If credit checks for car insurance are legal where you live, you may have to shop around for different rates as it is but especially if you have poor or fair credit. The difference is enormous since the average auto insurance premium is $2,411 if you have a poor credit score(under 600) while excellent credit scores (over 800) can result in an average premium of $1,130–effectively less than half.

Improving your credit before applying for car insurance can drastically reduce your premium along with getting you a more favorable rate on a car note.

Does a Car Accident Affect Your Credit Score?

The actual act of having a car accident does not directly impact your credit report. Whether you have a weather-related accident or a severe DUI offense, your driving record could be impacted and it will affect your car insurance rate but your credit report is not affected.

However, you may have debts that arise from the accident. It’s estimated that car accidents cost about $44 million in lost wages and medical bills, without counting the medical expenses, legal fees, and property damage costs that can arise from permanent disabilities and crash site recovery efforts. You may run up your credit cards while you’re unable to work, especially if you lose your job in the process. Medical bills, judgments for other injured peoples’ medical expenses, and property reimbursement are often what cause people to fall into accident-related debt. Repair bills or having to completely replace your vehicle are also debt risks.

The car accident itself doesn’t impact your credit score, but any events and damages arising from the car accident can have a ripple effect on your credit score if you don’t have enough savings or health coverage to defray these costs.

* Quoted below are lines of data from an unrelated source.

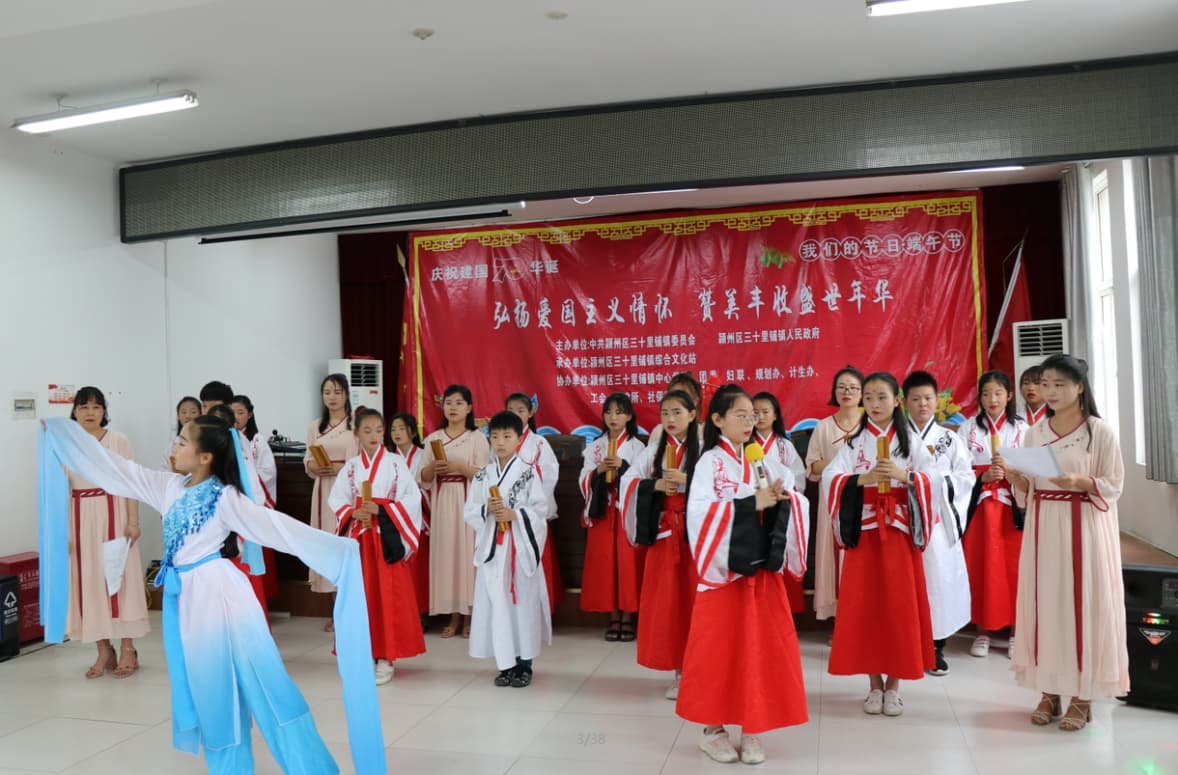 此次活動由三十里鋪鎮人民政府主辦,三十里鋪鎮文化站、團委、文明辦、婦聯、中心學校等單位承辦。節目有文藝匯演、包粽子比賽、掃黑除惡微宣講、精準脫貧微宣講、詩歌朗誦、樂器獨奏等。
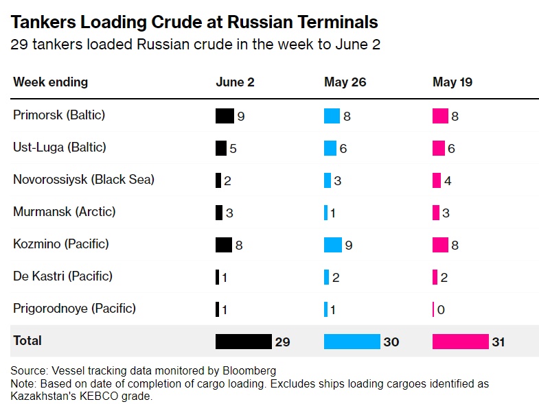 油轮在俄罗斯码头装载原油——在截至6月2日的一周内,有29艘油轮装载了俄罗斯原油
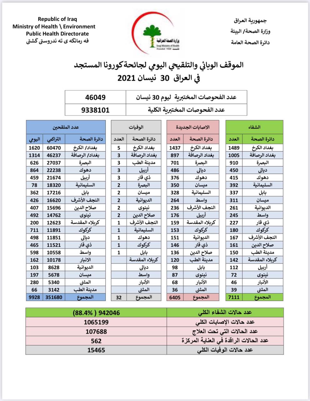 وقالت الوزارة في بيان ، إن "كوادرها سجلت 6405 إصابة جديدة، و 7111 حالة شفاء، و 32 وفاة بالفيروس في البلاد". وأشارت إلى " تلقي 9928 شخصاً للقاح كورونا في 24 ساعة".

Car insurance itself has no impact on your credit rating since insurance companies do not extend credit or send bills to collections, they just curtail your coverage in the event of prolonged non-payment. While late or missing payments won’t affect your credit, you should still stay on top of your payments so you don’t get charged late fees or risk losing your coverage. There may be a grace period offered by the insurer if you miss a payment due to extenuating circumstances like medical emergencies, job loss, or fleeing domestic violence so be sure to notify your insurer if you need to take advantage of this grace period.